Several modem scholars and critics, cited in the bibliography, have helped as well, and so have several modern translators of the Iliad, in whole or part. Each has introduced me to a new aspect of the poem, another potential for the present. “For if it is true,” as Maynard Mack proposes, “that what we translate from a given work is what, wearing the spectacles of our time, we see in it, it is also true that we see in it what we have the power to translate.” So my debts to others are considerable, and here I say my thanks to William Arrowsmith, Robert Graves, Martin Hammond, Richmond Lattimore, Christopher Logue, Paul Mazon, Ennis Reese and E. V. Rieu. A few I have known in person, most I have never met. Yet I suspect we all have known each other in a way, having trekked across the same territory, perhaps having all encountered the nightmare that haunted Pope—“that he was engaged in a long journey,” as Joseph Spence reports, “puzzled which way to take, and full of fears” that it would never end.. And if you reach the end, the fears may start in earnest. In any event, the translator I have known the best is the one to whom I owe the most, Robert Fitzgerald, both for the power of his example and because, at a sensitive moment, he heartened me to “fit on your greaves and swordbelt and face the moil or the melee.”

Many other friends have come to my side, some by reading, some by listening to me read the work-in-progress, and responding in close detail with criticism or encouragement or a healthy combination of the two. Most encouraging of all, none has asked me, “Why another Iliad?” For each understood, it seems, that if Homer was a performer, then his translator might aim to be one as well, and that no two performances of the same work—surely not of a musical composition, so probably not of a work of language either—will ever be the same. The timbre and tempo of each will be distinct, let alone its deeper resonance, build and thrust. My thanks, then, to Marilyn Arthur, Paul Auster, Sandra Bermann, Charles Beye, Claudia Brodsky, Beth Brombert, Victor Brombert, Clarence Brown, Rebecca Bushnell, Robert Connor, Robert F. Go heen, Rachel Hadas, Robert Hollander, Samuel Hynes, Edmund Keeley, Nita Krevans, Janet Lembke, David Lenson, William Levitan, Herbert Marks, J. D. McClatchy, Earl Miner, William Mullen, Georgia Nugent, Joyce Carol Oates, Joanna Prins, Michael Putnam, David Quint, Richard Reid, James Richardson, Charles Segal, Steven Shankman, Michael Simpson, Raymond Smith, Paolo Vivante and Theodore Weiss.
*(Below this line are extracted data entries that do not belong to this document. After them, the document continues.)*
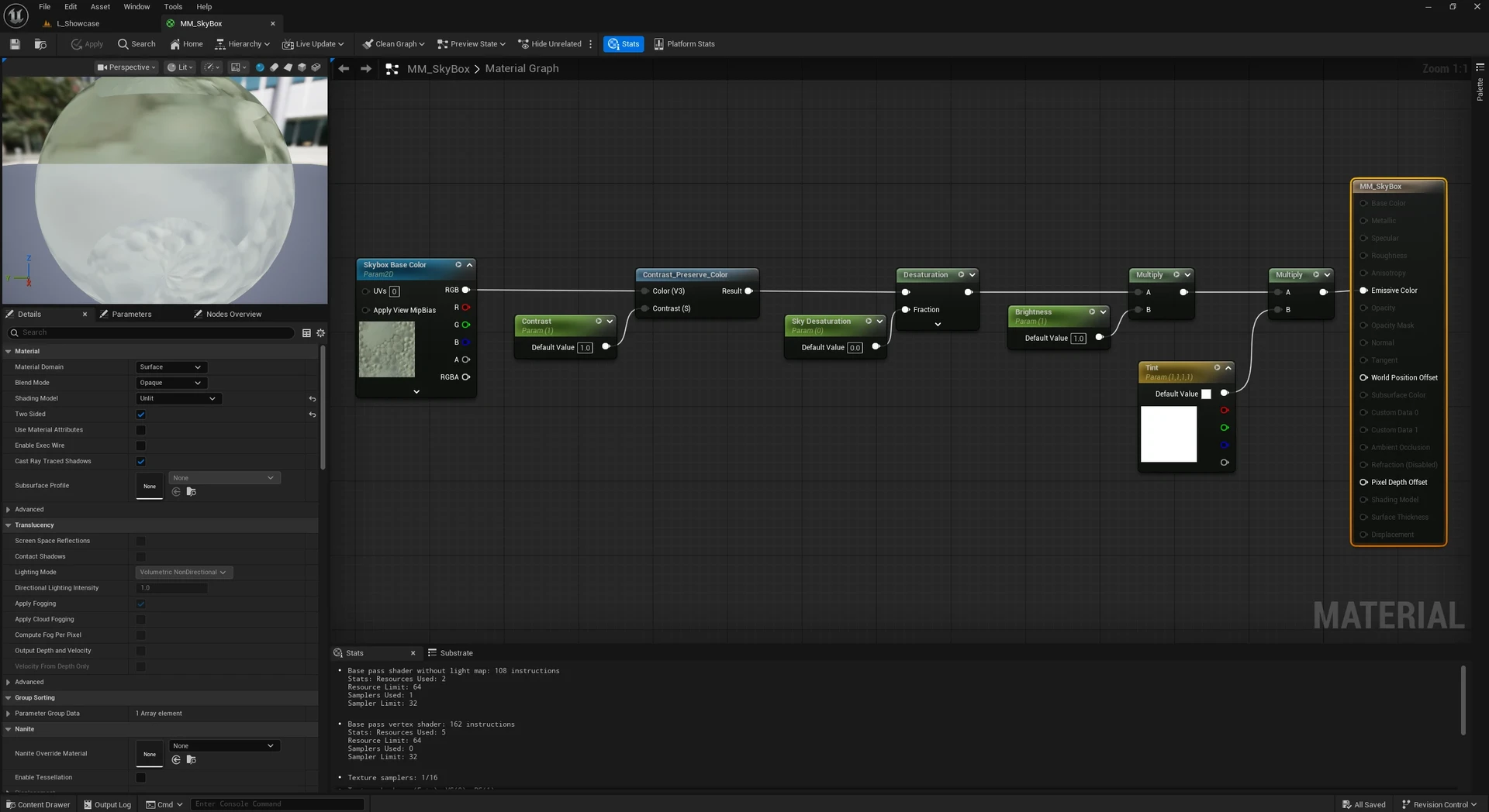 Lumen & Lighting Strategy: Once the foundation was set, I calibrated the hero light to complement the skybox. To keep the scene performant and avoid the "light soup" effect, I relied on Lumen emissive cards with unique materials to bounce light and dress the scene. Spotlights were used sparingly, only to pick out specific architectural details.
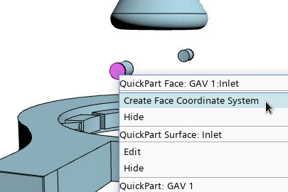 在图形窗口中,右键单击 GAV 1 入口面,然后选择创建面坐标系。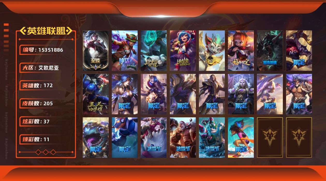 [15351886]【特价出售/店主推荐】黄金段位-172英雄-205皮肤-37炫彩-0终极-5神话-22限定-16传说-51史诗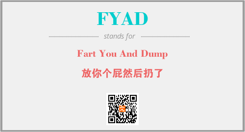 英文缩略词“FYAD”经常作为“Fart You And Dump”的英文缩写来使用,中文表示:“放你个屁然后扔了”。本文将详细介绍英文缩写词FYAD所代表英文单词,其对应的中文拼音、详细解释以及在英语中的流行度。此外,还有关于缩略词FYAD的分类、应用领域及相关应用示例等。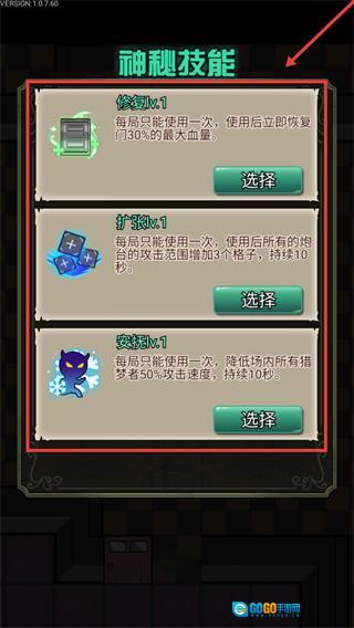 对局开始前,你可以从【修复】【扩张】等神秘技能里挑选一个,通过合理搭配这些技能,能够增强在对局中的生存与防御能力。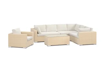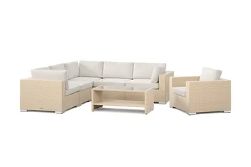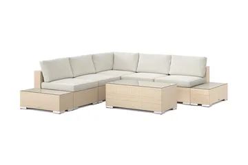 Bahamas utomhus hörnsoffa 6-sits vändbar med fåtölj och bord med hylla, Beige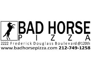 BAD HORSE PIZZA is a casual but sleek new pizzeria on Restaurant Row in Harlem NYC. We specialize in pizza but we also have pasta and salads. We have our own custom house pies, but also serve your favorite regulars. Our beer and wine license is pending so If you enjoy beer or wine with your pie, you are welcome to bring your own. OUR CRUST is made from flour, yeast, nyc water, and imported extra virgin olive oil. OUR CHEESE is a 100% natural cheese blend with fresh mozzarella chunks, sprinkled with Parmigiano Reggiano and fresh Palestinian basil clippings at finish. OUR SAUCE is simmered and mashed in-house. We use San Marzano plum tomatoes, garlic, oregano, imported extra-virgin olive oil, salt and pepper.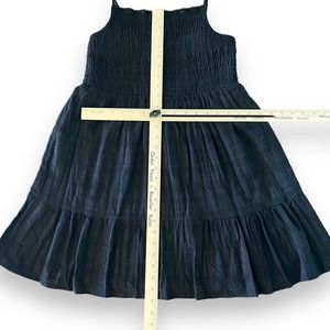 Macy’s Crystal Doll Women’s Black Smocked Ruffled Dress with Adjustable Spaghetti Straps, Square Neck, Short Fit + Flare Dress.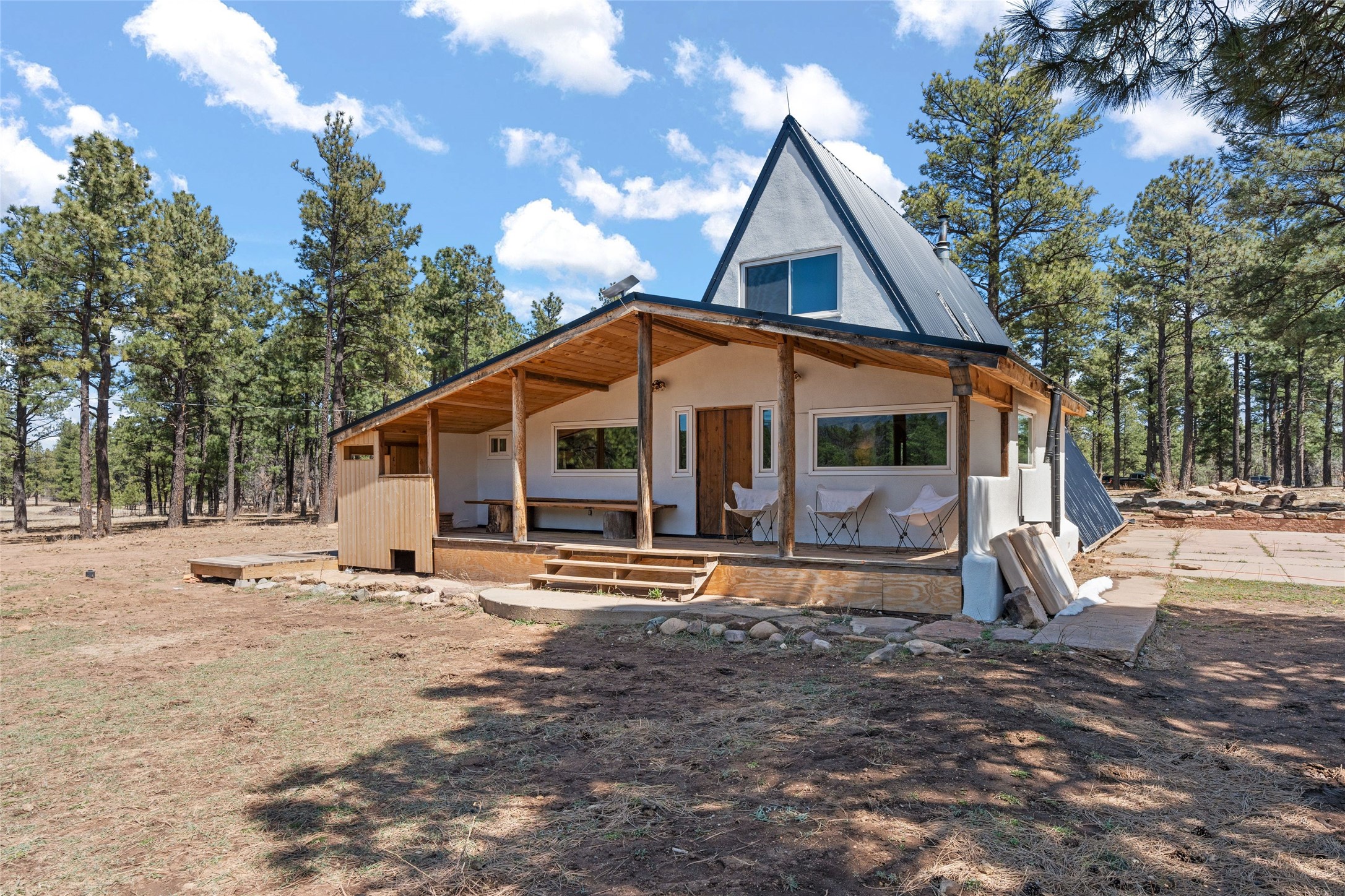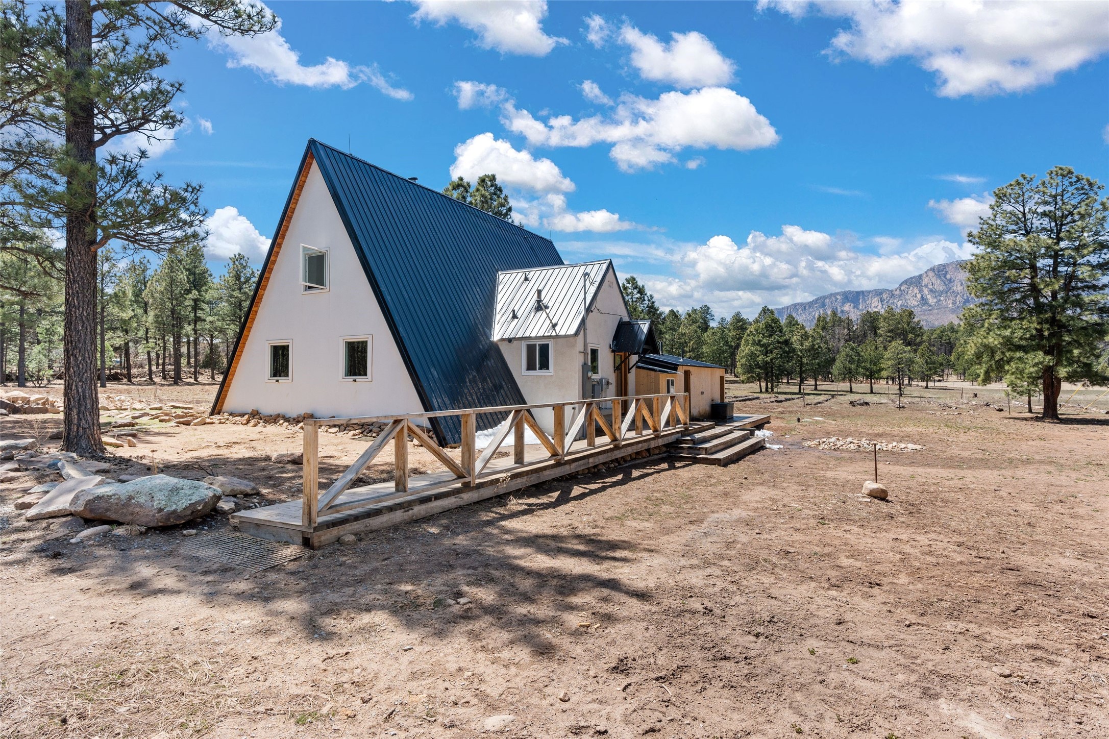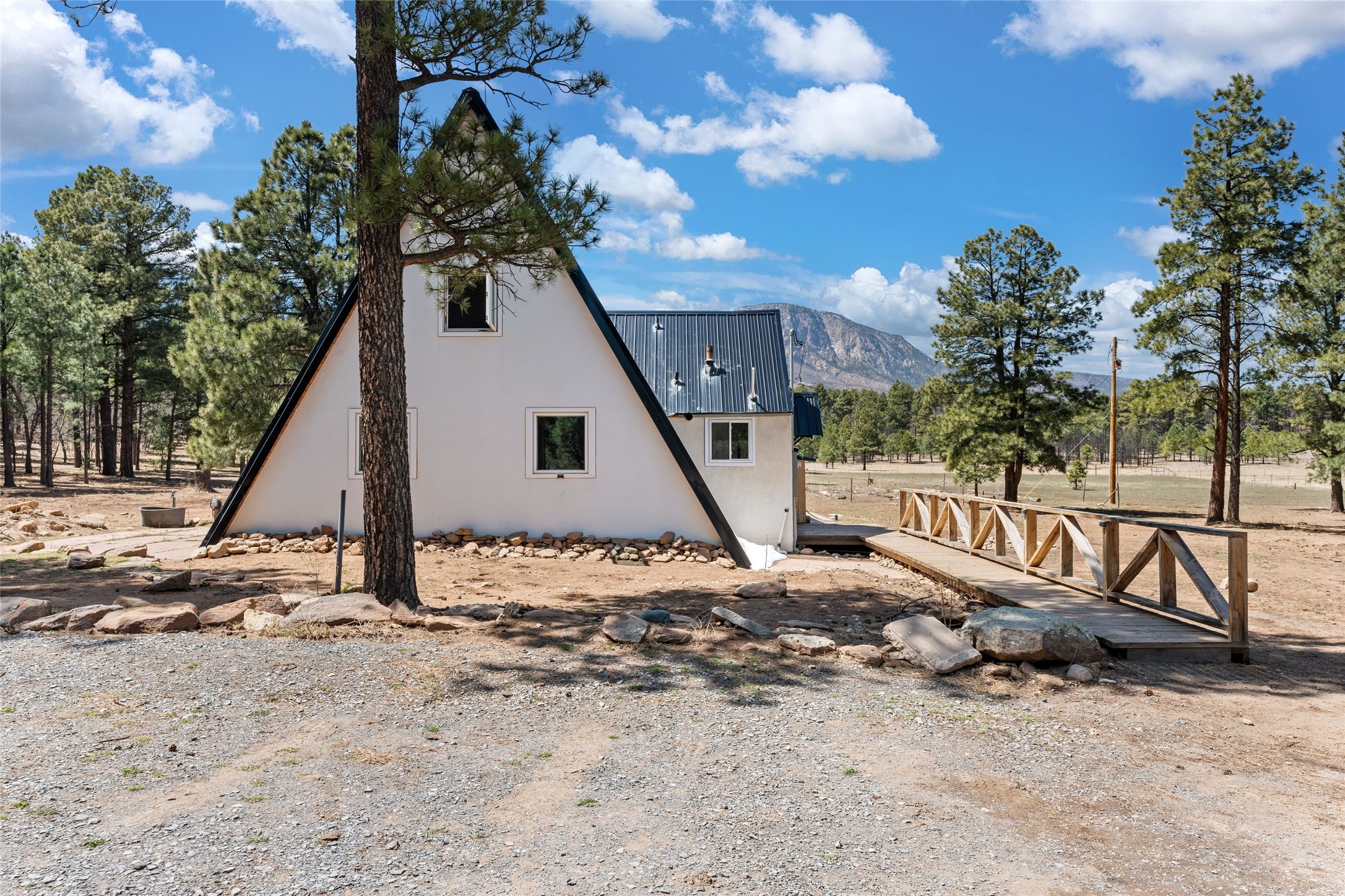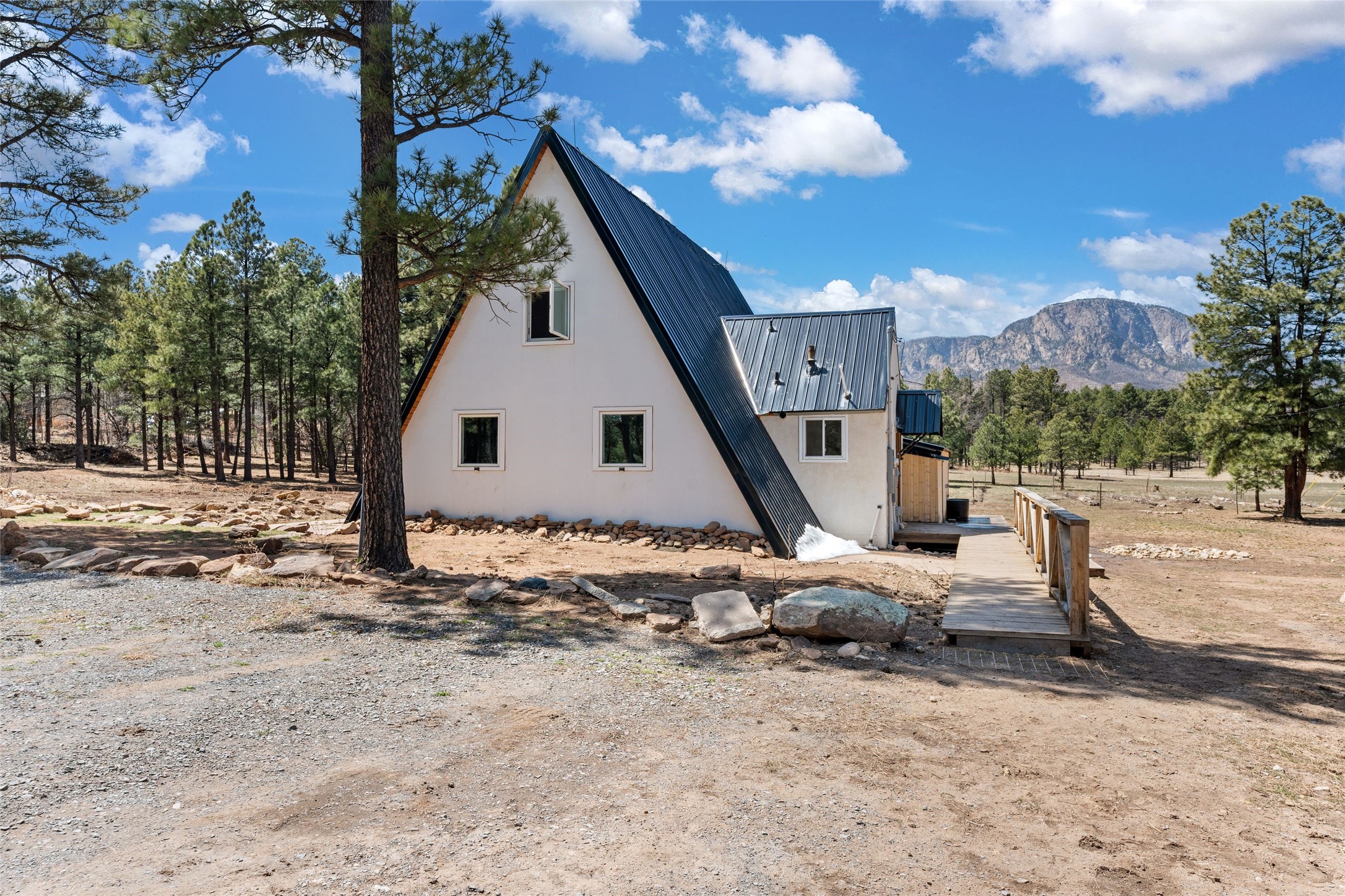 Secluded Mountain Retreat with Modern Upgrades.Behind a gated entrance, this 11.86-acre mountain retreat near Las Vegas, NM, and Storrie Lake offers privacy, sustainability, and stunning views of Hermits Peak. Originally a faminly hunting compound, the beautifully remodeled A-fram home features 3 bedrooms, 1.5 baths, an open-concept living area with a pellet stove, and a kitchen with movable workbench-style counters and an induction cooktop.Upgrades include lifetime warranty windows, a battery-ready 19-panel solar system, new laminte flooring, and enhanced insulation. The fully fenced property is ideal for homesteading or horses, with a hay barn, electric solar horse paddock, and trailer turnarounds. Enjoy two ponds, two wells, a 1/2 acre garden, and compost bins. Outdoor spaces shine with a wrap-around deck, hot shower, and cold plunge pool.Additional features: 500-gallon propane tank, RV hookups, three freezers, two refrigerators, and major fire mitigation. Don't miss this rare blend of mountain seclusion and modern comfort!

And several classicists have lent a steady hand: William A. Childs, George Dunkel, Elaine Fantham, Andrew Ford, John Keaney, Richard Martin, Glenn Most and Froma Zeitlin. The published commentaries of other scholars, cited among the further readings, and even some unpublished have helped us on our way, thanks to the kindness and alacrity of their authors. Our book was in its later stages when M. M. Willcock sent the galleys of his second volume, Books 13 through 24. And the remaining parts of the commentary-in-progress under G. S. Kirk’s editorship—his own work on Books 5 through 8, J. B. Hainsworth’s on 9 through 12, Richard Janko’s on 13 through 16, Mark W. Edwards’ on 17 through 20 and Nicholas Richardson’s on 21 through 24—luckily arrived while each was still in proof or typescript. The first impulse for the translation, however, came from the late W. B. Stanford, who, one afternoon in County Wicklow many years ago, sketched out my route for returning to the source.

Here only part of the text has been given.